RECORD EXCERPTS section start
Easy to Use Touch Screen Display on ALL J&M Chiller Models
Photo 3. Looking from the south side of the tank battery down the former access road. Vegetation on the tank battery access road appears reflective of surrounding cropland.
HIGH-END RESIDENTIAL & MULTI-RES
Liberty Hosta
RECORD EXCERPTS section end
RECORD EXCERPTS section start
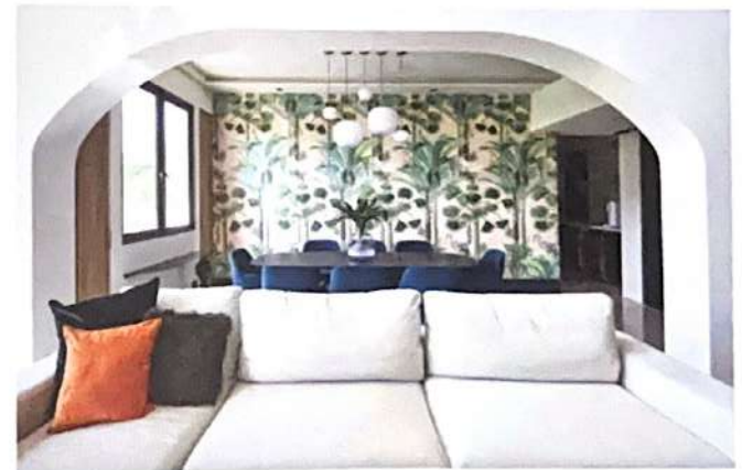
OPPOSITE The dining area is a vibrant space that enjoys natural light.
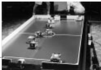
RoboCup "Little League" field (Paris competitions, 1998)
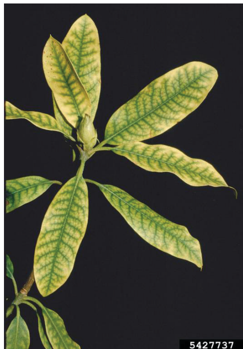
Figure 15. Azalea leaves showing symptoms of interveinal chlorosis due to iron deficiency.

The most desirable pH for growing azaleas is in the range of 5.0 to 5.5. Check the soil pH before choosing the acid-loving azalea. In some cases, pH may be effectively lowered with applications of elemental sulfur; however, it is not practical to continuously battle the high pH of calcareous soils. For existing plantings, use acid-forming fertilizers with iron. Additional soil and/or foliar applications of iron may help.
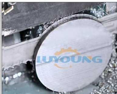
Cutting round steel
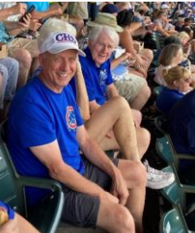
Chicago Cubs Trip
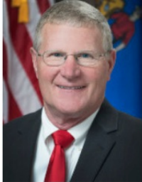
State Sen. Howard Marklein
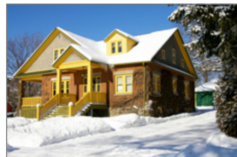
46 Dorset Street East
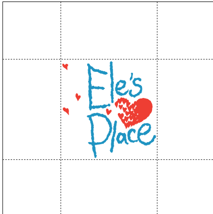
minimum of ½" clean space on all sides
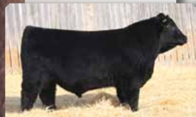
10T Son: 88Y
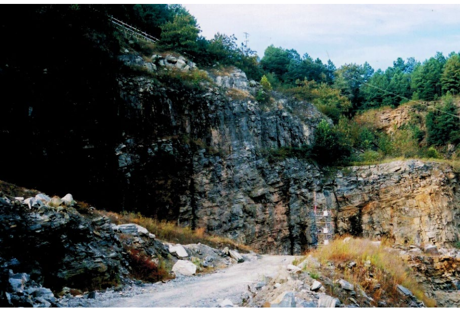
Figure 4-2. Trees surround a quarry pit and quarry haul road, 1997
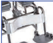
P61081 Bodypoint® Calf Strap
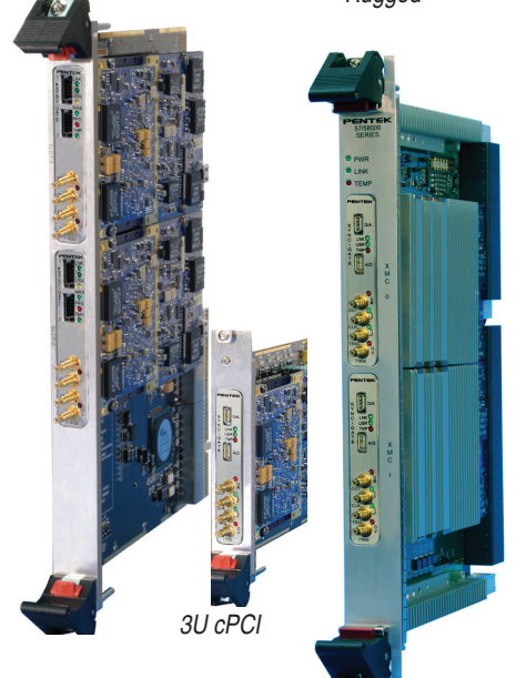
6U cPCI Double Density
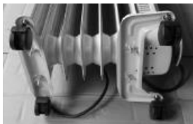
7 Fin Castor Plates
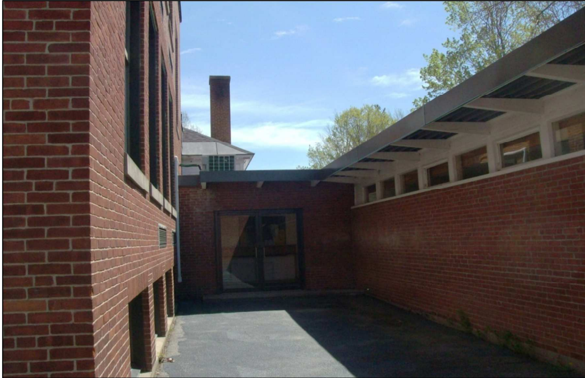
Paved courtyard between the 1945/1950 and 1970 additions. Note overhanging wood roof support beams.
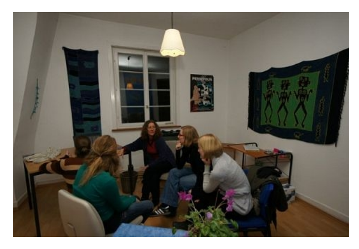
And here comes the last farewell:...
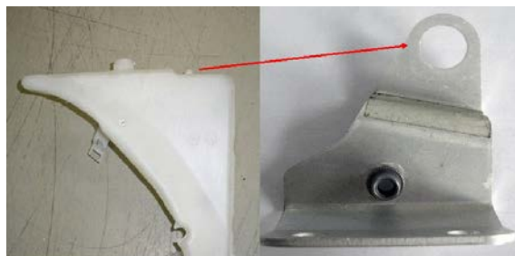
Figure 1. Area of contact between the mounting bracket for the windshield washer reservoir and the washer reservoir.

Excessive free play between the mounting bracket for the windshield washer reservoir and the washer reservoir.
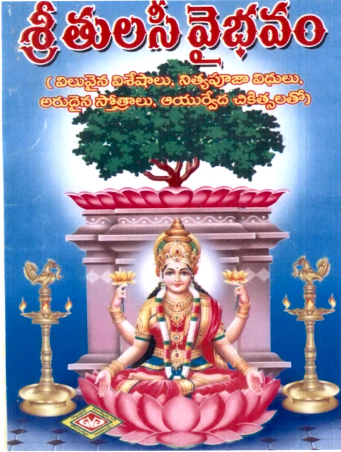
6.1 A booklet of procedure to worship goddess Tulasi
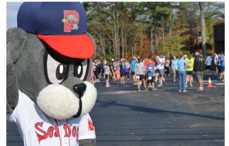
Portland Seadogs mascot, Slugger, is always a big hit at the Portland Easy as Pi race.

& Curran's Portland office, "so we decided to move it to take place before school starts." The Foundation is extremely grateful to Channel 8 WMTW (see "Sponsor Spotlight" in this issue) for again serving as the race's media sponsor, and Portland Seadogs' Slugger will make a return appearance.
RECORD EXCERPTS section end
Copy word for word the lines of the records above from the one with "And here comes the last farewell:..." up to and including the one with "a return appearance.". Skip the pictures.

And here comes the last farewell:...
Figure 1. Area of contact between the mounting bracket for the windshield washer reservoir and the washer reservoir.

Excessive free play between the mounting bracket for the windshield washer reservoir and the washer reservoir.
6.1 A booklet of procedure to worship goddess Tulasi
Portland Seadogs mascot, Slugger, is always a big hit at the Portland Easy as Pi race.

& Curran's Portland office, "so we decided to move it to take place before school starts." The Foundation is extremely grateful to Channel 8 WMTW (see "Sponsor Spotlight" in this issue) for again serving as the race's media sponsor, and Portland Seadogs' Slugger will make a return appearance.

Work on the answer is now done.